The stylesheet above specifies how the various tags work. The ASP <% %>syntax delimits Perl code from HTML. You can execute any code within the stylesheet.

In this example, we use the special XPathScript $t hash reference, which specifies the names of tags and how they should be output to the browser. There are several options for the second level of the hash, and here we see two of those options: pre and post. pre and postspecify (respectfully) what appears before the tag and what appears after it. These values in $t take effect only when we call the apply_templates( ) function, which iterates over the nodes in the XML, executing the matching values in $t.

XPath

One of the key specifications being used in XML technologies is XPath.
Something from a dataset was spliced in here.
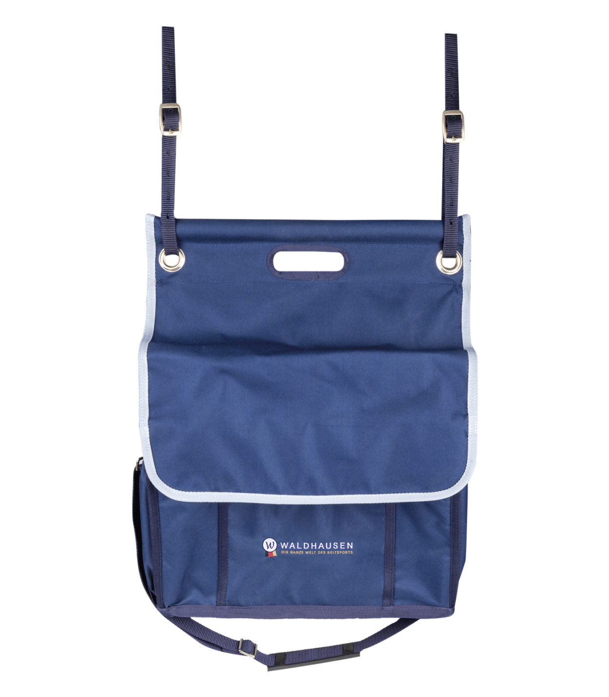Stabiler Stall Carry mit Sattelhalter, 2 Haken für Zaum oder Halfter und eine fixierbare Vorrichtung, um zu verhindern, dass der Zaum auf den Boden schleift. Ablagefläche für Zubehör – passend für 15423 Waldhausen Multibag ECO, 40 L und großer Putzbox-Halterung – passend für die 15410 Putzbox.

This is a little language used within other languages for selecting nodes within an XML document (just as regular expressions is a language of its own within Perl). The initial appearance of an XPath is similar to that of a Unix directory path. In Example E-2 we can see the XPath /dromedaries/species, which starts at the root of the document, finds the dromedaries root element, then finds the species children of the dromedaries element. Note that unlike Unix directory paths, XPaths can match multiple nodes; so in the case above, we select all of the species elements in the document.
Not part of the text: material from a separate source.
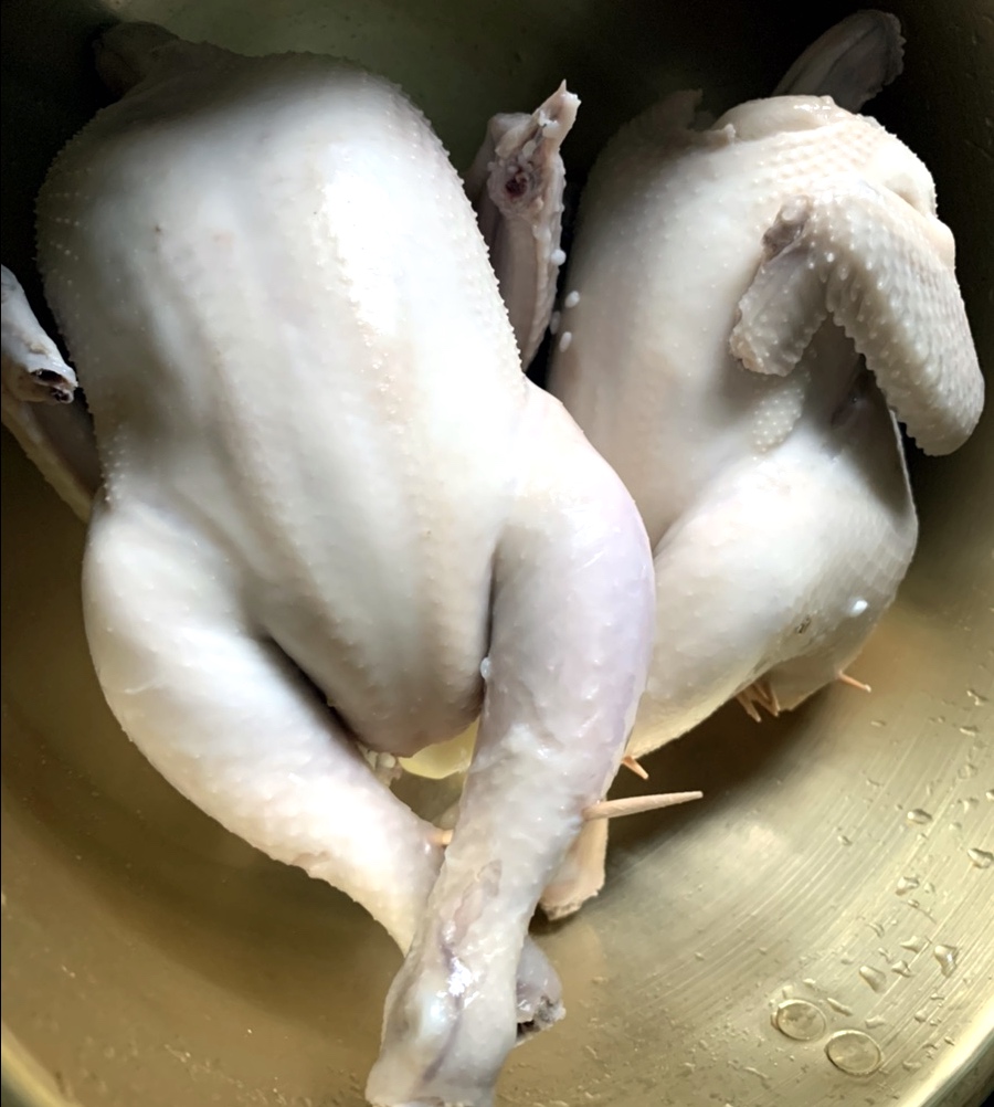 깨끗하게 씻어낸 닭 두마리

Documenting all of XPath here would take up many pages. The grammar for XPath allows many constructs of a full programming language, such as functions, string literals, and Boolean expressions. What's important to know is that the syntax we are using to find nodes in our XML documents is not just something invented for AxKit!

XPathScript Details

http://www.linuxtopia.org/online_books/mod_perl_programming_book/appe_04.html

XPathScript aims to provide the power and flexibility of XSLT as an XML transformation language, without the restriction of XSLT's XML-based syntax. Unlike XSLT, which has special modes for outputting in text, XML, and HTML, XPathScript outputs only plain text. This makes it a lot easier than XSLT for people coming from a Perl background to learn. However, XPathScript is not a W3C specification, despite being based on XPath, which is a W3C recommendation.
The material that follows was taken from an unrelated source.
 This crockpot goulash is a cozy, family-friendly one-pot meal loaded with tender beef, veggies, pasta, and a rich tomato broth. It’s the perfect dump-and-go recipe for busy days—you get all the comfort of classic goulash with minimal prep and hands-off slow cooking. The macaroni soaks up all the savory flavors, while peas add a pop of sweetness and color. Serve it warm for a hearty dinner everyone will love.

XPathScript follows the basic ASP syntax for introducing code and outputting code to the browser: use <% %> to introduce Perl code, and <%= %> to output a value.

The XPathScript API

Along with the code delimiters, XPathScript provides stylesheet developers with a full API for accessing and transforming the source XML file. This API can be used in conjunction with the delimiters listed above to provide a stylesheet language that is as powerful as XSLT, yet supports all the features of a full programming language such as Perl. (Other implementations, such as Python or Java, also are possible.)

Extracting values

A simple example to get us started is to use the API to bring in the title from a DocBook article. A DocBook article title looks like this:

<article>
 <artheader>
  <title>XPathScript - A Viable Alternative to XSLT?</title>
  ...

The XPath expression to retrieve the text in the <title> element is:

/article/artheader/title/text( )

Putting all this together to make this text into the HTML title, we get the following XPathScript stylesheet:

<html>
<head>
 <title><%= findvalue("/article/artheader/title") %></title>
</head>
<body>
  This was a DocBook Article.
  We're only extracting the title for now!
<p>
The title was: <%= findvalue("/article/artheader/title") %>
</body>
</html>

Again, we see the XPath syntax being used to find the nodes in the document, along with the function findvalue( ). Similarly, a list of nodes can be extracted (and thus looped over) using the findnodes( ) function:

...
<%
for my $sect1 (findnodes("/article/sect1")) {
  print $sect1->findvalue("title"), "<br>\n";
  for my $sect2 ($sect1->findnodes("sect2")) {
    print " + ", $sect2->findvalue("title"), "<br>\n";
    for my $sect3 ($sect2->findnodes("sect3")) {
      print " + + ", $sect3->findvalue("title"), "<br>\n";
    }
  }
}
%>
...

Here we see how we can apply the find* functions to individual nodes as methods, which makes the node the context node to search from. That is, $node->findnodes("title") finds <title> child nodes of $node.

Declarative templates

We saw declarative templates earlier in this appendix, in Section E.2. The $t hash is the key to declarative templates. The apply_templates( ) function iterates over the nodes of your XML file, applying the templates defined in the $t hash reference as it meets matching tags. This is the most important feature of XpathScript, because it allows you to define the appearance of individual tags without having to do your own iteration logic. We call this declarative templating.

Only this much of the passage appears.